# Task details
Set the listing down exactly; no pictures.

Start of Records for this task

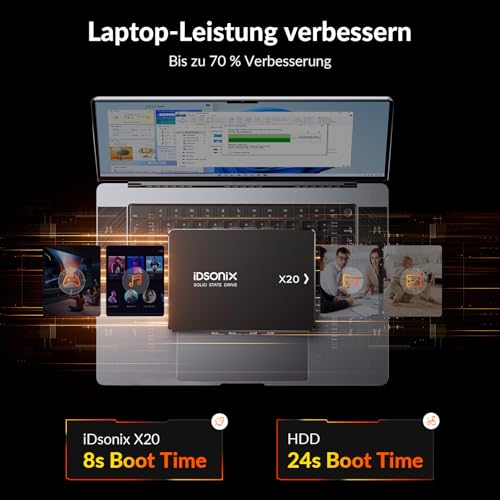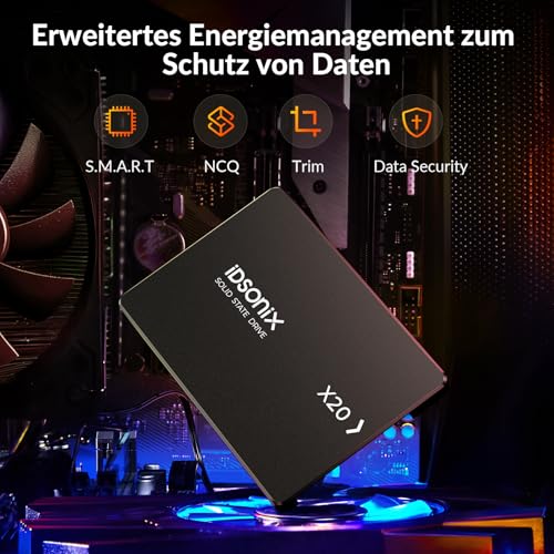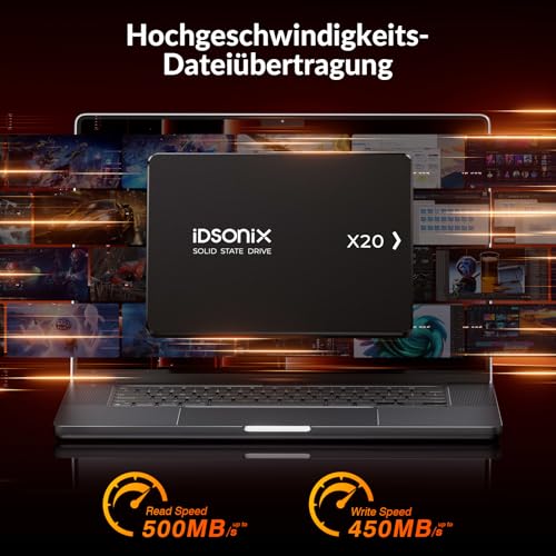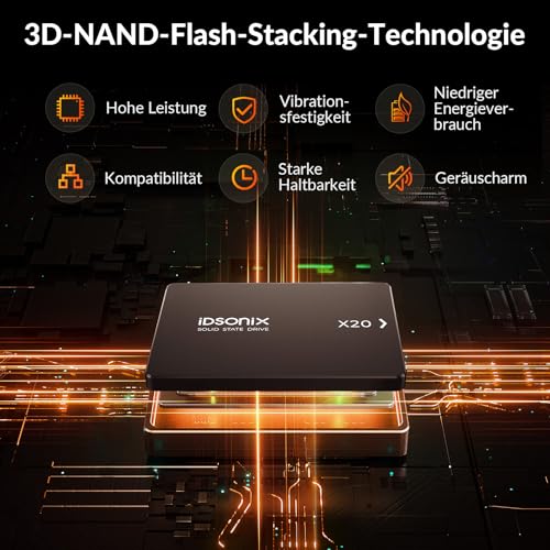 | Features | Überlegene Leistung : iDsonix SATA SSD Mit einer Lesegeschwindigkeit von bis zu 500MB/s und einer Schreibgeschwindigkeit von bis zu 450MB/s kann es die Leistung Ihres Laptops oder PC-Desktops erheblich verbessern und Ihre Wartezeit verkürzen., 3D NADA Flash : SSD festplatte intern Vorteile: Hohe Leistung, geringer Stromverbrauch, geringe Geräuschentwicklung, starke Haltbarkeit, starke Stoßfestigkeit, breite Kompatibilität, Erweitertes Energiemanagement : 2,5 zoll SSD Unterstützt SMART, NCQ, Trim und andere Funktionen, um Datenverlust nach einem anormalen Stromausfall zu vermeiden und Ihre wertvollen Daten gut zu schützen., Laptop- und PC-Upgrades : Die X20 SATA 2.5 SSD ist 5,6-mal leistungsstärker als herkömmliche Festplatten und kann die Laptop-Leistung um bis zu 70 % verbessern und die Startzeit des Computers erheblich verkürzen., 3 Jahre Garantie : Sie müssen sich keine Sorgen um die Qualität unserer Produkte machen, wir bieten Ihnen einen 3-Jahres-Garantieservice, nur Ersatz, aber keine Reparatur. |
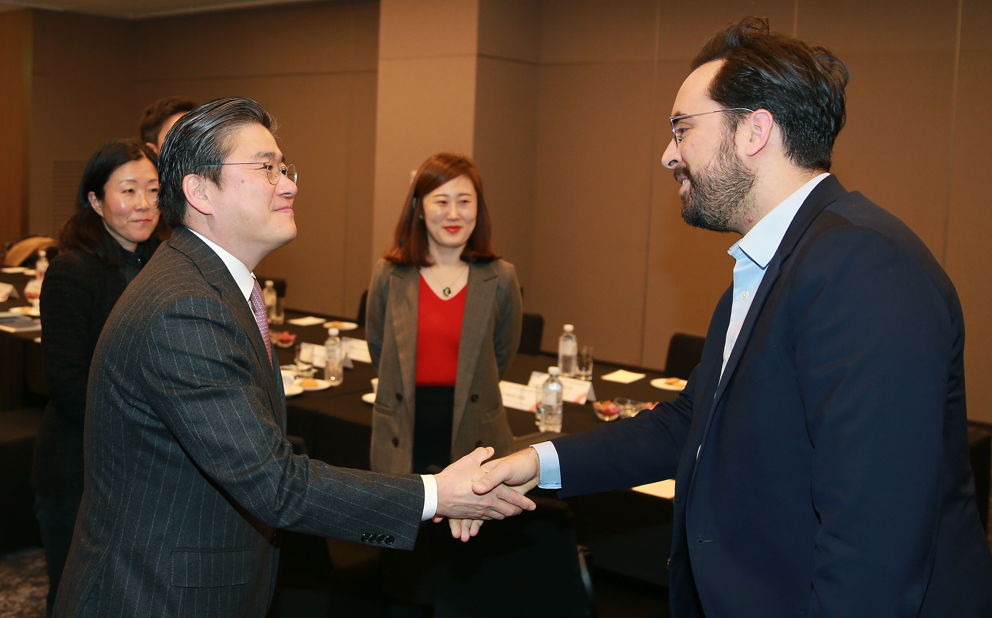 Trade, Industry and Energy Vice Minister Cheong Seung-il (left) met with France’s Minister of State for the Digital Sector Mounir Mahjoubi to discuss industrial and economic ties between Korea and France in Seoul on February 19.At the meeting, Vice Minister Cheong talked about bolstering bilateral cooperation in new industries, including their trade and investment, and in the hydrogen economy that would see more hydrogen-powered vehicles on the road. date2019-02-19
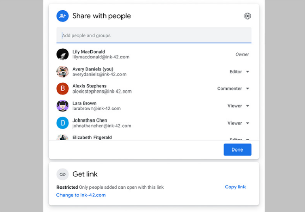 Tính năng chia sẻ dữ liệu nhanh chóng chỉ bằng một đường link liên kết của Google Drive, giúp tiết kiệm rất nhiều thời gian, dung lượng khi bạn đang có những công việc cần tham gia làm việc nhóm.
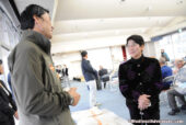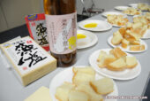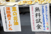 島の特産試食会も催された。地元で採れた菜種油、藻塩や南あわじ特産の手延べ麺”淡路島ヌードル”など、どれもとても美味しい!! おもしろいのがこの”手延べ麺”。うどんと素麺のハイブリッドのようで和風、洋風、アジア風にも合いそう。この日のシェフは、イタリアンレストラン「リゾレッタ」の井壺さん。イタリアでの修行経験があり、なんと岡田さんの教え子でもあるそうだ。
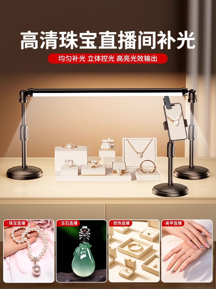 ジュエリーライブブロードキャストフィルライトライブブロードキャストデスクトップ静物画翡翠写真撮影LED照明アンカージュエリーマニキュアハンド
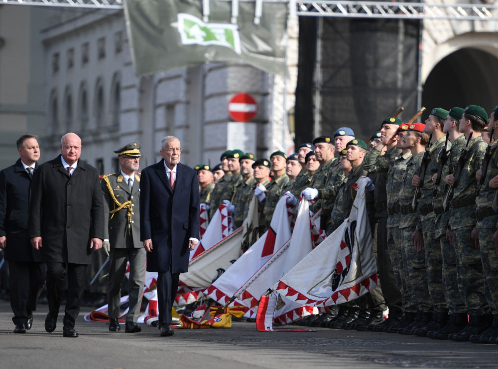 10月26日,在奥地利维也纳,奥地利总统范德贝伦(前右)和总理施托克尔(前左)检阅入伍新兵。新华社记者贺灿铃摄

End of Records for this task

# Response box
 | Features | Überlegene Leistung : iDsonix SATA SSD Mit einer Lesegeschwindigkeit von bis zu 500MB/s und einer Schreibgeschwindigkeit von bis zu 450MB/s kann es die Leistung Ihres Laptops oder PC-Desktops erheblich verbessern und Ihre Wartezeit verkürzen., 3D NADA Flash : SSD festplatte intern Vorteile: Hohe Leistung, geringer Stromverbrauch, geringe Geräuschentwicklung, starke Haltbarkeit, starke Stoßfestigkeit, breite Kompatibilität, Erweitertes Energiemanagement : 2,5 zoll SSD Unterstützt SMART, NCQ, Trim und andere Funktionen, um Datenverlust nach einem anormalen Stromausfall zu vermeiden und Ihre wertvollen Daten gut zu schützen., Laptop- und PC-Upgrades : Die X20 SATA 2.5 SSD ist 5,6-mal leistungsstärker als herkömmliche Festplatten und kann die Laptop-Leistung um bis zu 70 % verbessern und die Startzeit des Computers erheblich verkürzen., 3 Jahre Garantie : Sie müssen sich keine Sorgen um die Qualität unserer Produkte machen, wir bieten Ihnen einen 3-Jahres-Garantieservice, nur Ersatz, aber keine Reparatur. |
 Trade, Industry and Energy Vice Minister Cheong Seung-il (left) met with France’s Minister of State for the Digital Sector Mounir Mahjoubi to discuss industrial and economic ties between Korea and France in Seoul on February 19.At the meeting, Vice Minister Cheong talked about bolstering bilateral cooperation in new industries, including their trade and investment, and in the hydrogen economy that would see more hydrogen-powered vehicles on the road. date2019-02-19
 Tính năng chia sẻ dữ liệu nhanh chóng chỉ bằng một đường link liên kết của Google Drive, giúp tiết kiệm rất nhiều thời gian, dung lượng khi bạn đang có những công việc cần tham gia làm việc nhóm.
 島の特産試食会も催された。地元で採れた菜種油、藻塩や南あわじ特産の手延べ麺”淡路島ヌードル”など、どれもとても美味しい!! おもしろいのがこの”手延べ麺”。うどんと素麺のハイブリッドのようで和風、洋風、アジア風にも合いそう。この日のシェフは、イタリアンレストラン「リゾレッタ」の井壺さん。イタリアでの修行経験があり、なんと岡田さんの教え子でもあるそうだ。
 ジュエリーライブブロードキャストフィルライトライブブロードキャストデスクトップ静物画翡翠写真撮影LED照明アンカージュエリーマニキュアハンド
 10月26日,在奥地利维也纳,奥地利总统范德贝伦(前右)和总理施托克尔(前左)检阅入伍新兵。新华社记者贺灿铃摄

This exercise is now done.